За свадьбу отдали двадцать пять тысяч. У них деньги ходят по кругу. Одному молодому человеку отрезали в драке кончик носа. Умышленно? Об этом на следующий день много спорили. Разгар спичечного кризиса. Цена за коробок доходит до рубля. Потом – литовцы.
Они проезжали через нашу деревню – на москвиче – лет под тридцать, вполне заурядная внешность – и попросили попить. Тетя Венера (здесь имена не менее пышные, чем растительность) вынесла им воды и угостила сладким лиловым виноградом из сада. Мы пошли с ними на пляж, с этими литовцами. Они ехали в Батуми. На обратном пути заезжайте, – сказал Дато. Они записали адрес и укатили. Наутро пришел милиционер. В записной книжке литовца он нашел адрес дома.

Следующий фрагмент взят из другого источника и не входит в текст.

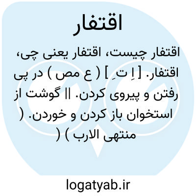 اقتفار. [ اِ ت ِ ] ( ع مص ) در پی رفتن و پیروی کردن. || گوشت از استخوان باز کردن و خوردن. ( منتهی الارب ) ( ناظم الاطباء ) ( آنندراج ).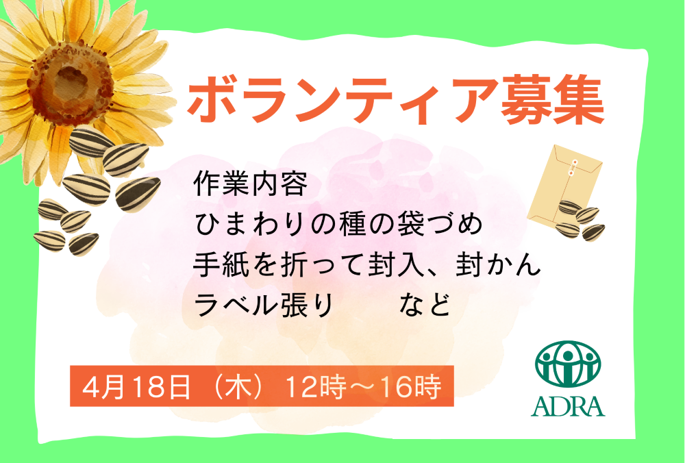 また、4月18日 ひまわりの種の発送ボランティアを募集中です。

Мы сначала думали, что они спекулянты, но оказалось, что их убили. Они остановились на ночлег возле живописной речки. Литовца зарезали и бросили в воду. Жену подожгли вместе с машиной, облив ее бензином. – Почему? – спросила я. – Садисты, – объяснил милиционер. Мингрельские милиционеры больше похожи на жуликов, чем на милиционеров. Вы их поймаете? – спросила я. – Обязательно! – сказал милиционер. Он допил стакан шампанского, вытер пот со лба и пошел себе прочь ленивой походкой толстого субтропического человека. А Дато поднялся наверх, в прохладные комнаты, и заиграл музыку Шуберта на расстроенном пианино. Литовку звали, кажется, Кристина. Она села мужу на плечи, и они так медленно входили в море, а мы сидели с Дато на большом оранжевом полотенце и резались в дурака.

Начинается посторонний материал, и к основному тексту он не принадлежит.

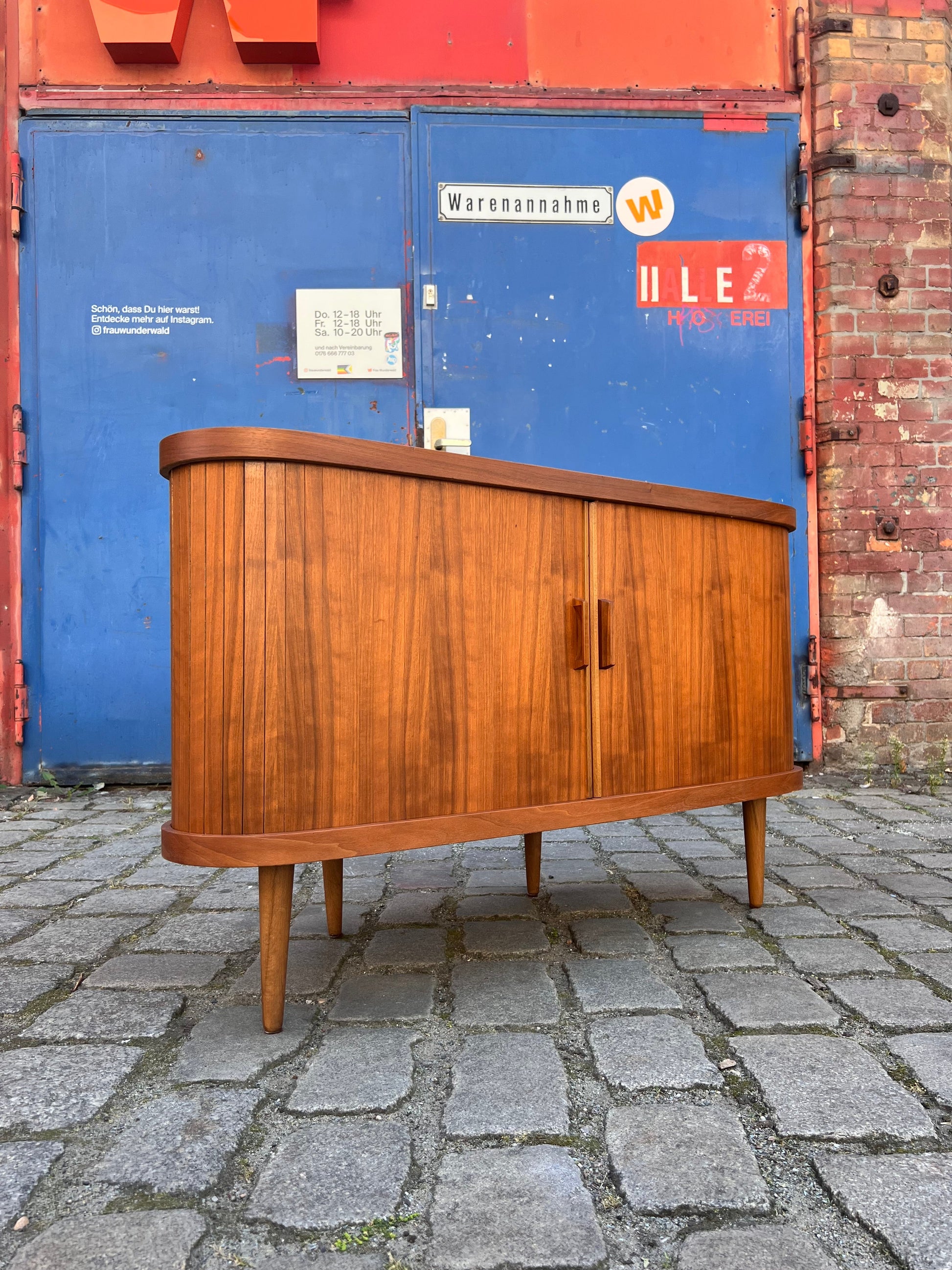 Add a touch of mid-century charm to your home with the vintage walnut corner bar. This stylish piece of furniture is not only a real eye-catcher but also extremely functional—perfect for convivial evenings and elegant cocktail parties. The smooth-running roller shutters open effortlessly, instantly showcasing the bar. The rotating interior shelf with a mirrored back offers a sophisticated display area for your favorite drinks.

Я уезжала из этого дома, окруженного хурмой и гранатовыми деревцами. Поспевали мандарины. Они были внешне еще зеленые, но в серединке бледно-желтые и вполне съедобные. Какое это имеет значение? По ночам, когда родственники засыпали тяжелым, нерадостным сном – они шумно вздыхали, охали, скрипели матрасами и заунывно пердели, – я крадучись приходила к Дато, но оставалась сухая и равнодушная. Впервые я чувствовала отвращение к прославленному корню жизни. Дато недоумевал. Я сама вяло недоумевала. Твой мясистый отросток мне вовсе не интересен! Он хотел меня ударить, но там спали родственники, в темноте мерцали хрустальные вазы, и он только сказал шепотом: уходи! Я ушла! На мингрельской свадьбе матери невесты было тридцать пять лет. Я рожу не сына, а сразу внука. У тебя, спрашивает Ритуля, может быть, денег нет? А у меня и в самом деле нет денег. Мне нужны джинсы для беременных, но мне лень доставать. Повсюду сволочи. Писать не хочется. Ничегошеньки не хочется. Умирать тоже неохота. А Ксюша далеко.